19 May 2009

Lines and Handles

The Frame Saw project is coming along quite well now having got the basic 'H' sorted out. The critical bit is the dimension of the central stretcher so that once the blade has been cut to 600mm, the securing holes can be drilled at 570mm between centres...these are the dimensions given on t'interweb for the Jap Turbocut blades which I may well fit later on. A couple of pics show a blank piece of ash (with a knifed shoulder line) and one turned handle...note the securing pin hole drilled at 4mm and the next pic shows a drill inserted in the hole so that I could gauge where to put the saw cut at 90deg to it. This needed a bit of care as you need to saw it pretty much 'by eye' as I couldn't fathom any way of marking it out. It can't be done on the bandsaw when the block is still square 'cos as soon as it goes into the lathe, the live centre will just splay the wood out as it's wound in. You would have thought of course, that someone with my vast intellect and huge amount of woodworking savvy would have cottoned on to that...but I didn't, so had to prepare a couple of new blanks!
There's another couple of pics of progress on the Cherry table. Last weekend I was fitting in the Indian Ebony lines into each end frame. I prepared them at 4mm square and shot them in on the shooting board...you can see in the pic the four bits of ebony in the process of being fitted and I'm happy to say that this bit of the project went without a hitch, which makes a change. The last pic shows a rather interesting little jig I made up to take the final shavings off the lines to get a decent fit. It's just a couple of blocks of beech bolted together, but there's a spacer in between them (in this case some bits of 4mm birch ply) which is the same thickness as the inlay. All you need to do is to hold a sharp cabinet scraper against the far side and pull the line through...I was really surprised 'cos it does actually work very well.


Anonymous said...

That's a neat idea for doing the stringing, Rob. Might pinch that.

Cheers ;-)

Paul Chapman

Mitchell said...

While I came to check out the progress on your saw, I'm ending up asking for more info, pics and whatever else you can offer about that great looking shooting board you have there. I've been looking for an old one by Stanley, but viewing the image showing yours, I'm starting to have second thoughts.

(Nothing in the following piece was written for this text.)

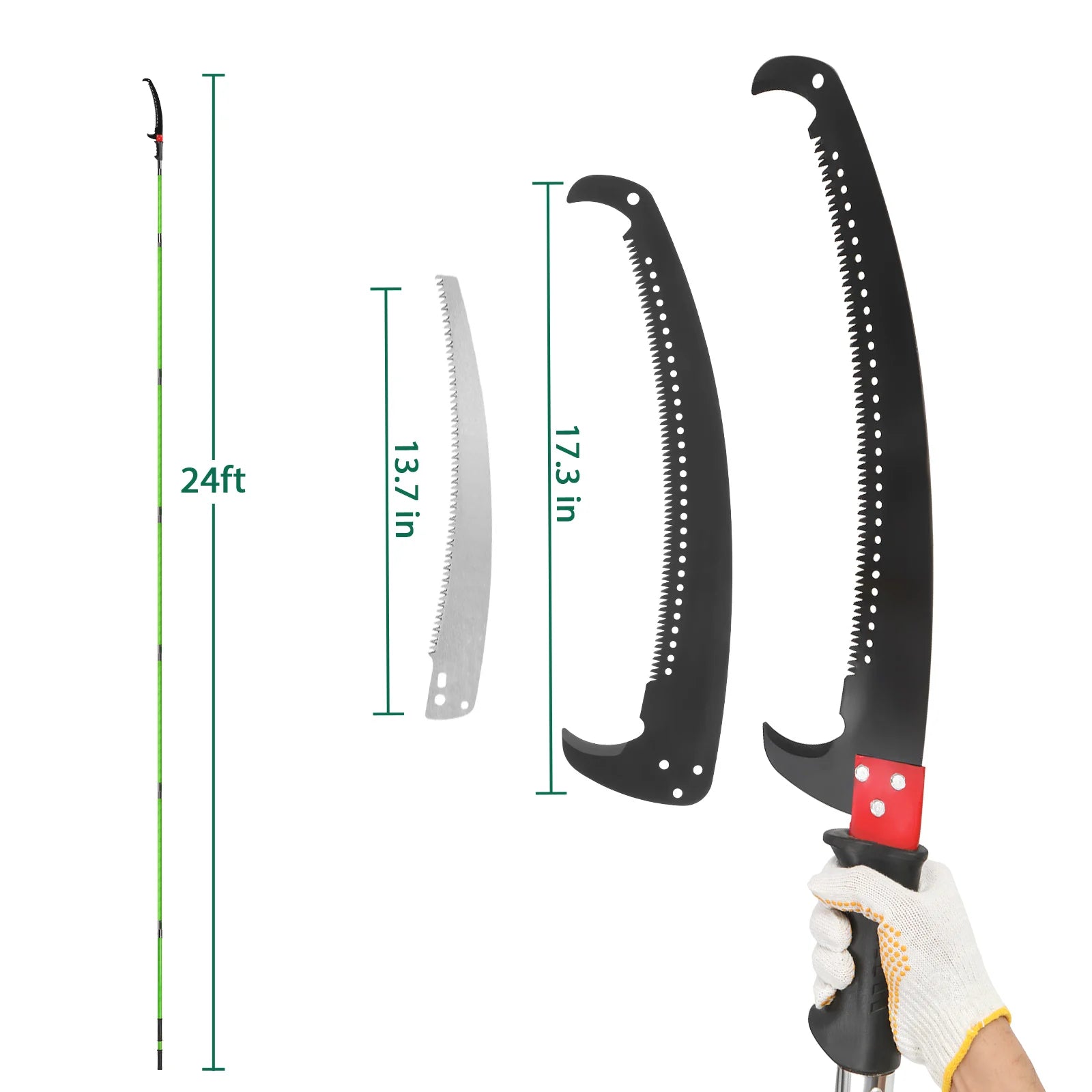 Discover the ease and convenience of maintaining your garden with our 24ft Manual Pole Saw Set, an all-in-one set designed to tackle high branches and shrubbery with ease. Crafted from durable alloy steel and lightweight fiberglass, this pole saw combines sharpness, durability, and ease of use into one versatile tool. Perfect for pruning tall trees and ground shrubs without the need for a ladder, our pole saw set ensures safety and efficiency in your garden work.

Great stuff on your site, by the way.



Woodbloke said...

Look out for a entry then on the Blog with full details about my shoot construction...glad you like it.

Anonymous said...

I made one of these saw frames 20 yr. ago. Instead of the extended shaft for the handle, I used a large woodscrew into a pilot hole in the handle, whilst the handle is being turned in the lathe. The head of the screw is removed and the slot for the blade cut by eye, seemed to work ok. If the slot is cut first, the hole for the retaining pin is easier to drill at right angles by placing a shim in the slot, lying the screw horizontally in the drill vice with the shim resting on the top surface, and the drill should then be perpendicular. I havn't seen your plan, but this was simple and obviated the need for a carrier plate. Instead of a tensioning screw, I used twisted cord across the top of the frame, and a flat wooden splint which contacted the central bar, to prevent unwind. Worked very well and you don't need to find the small spanner under the shavings. The shoulders of the tenons were rounded by eye, to allow for the tensioning.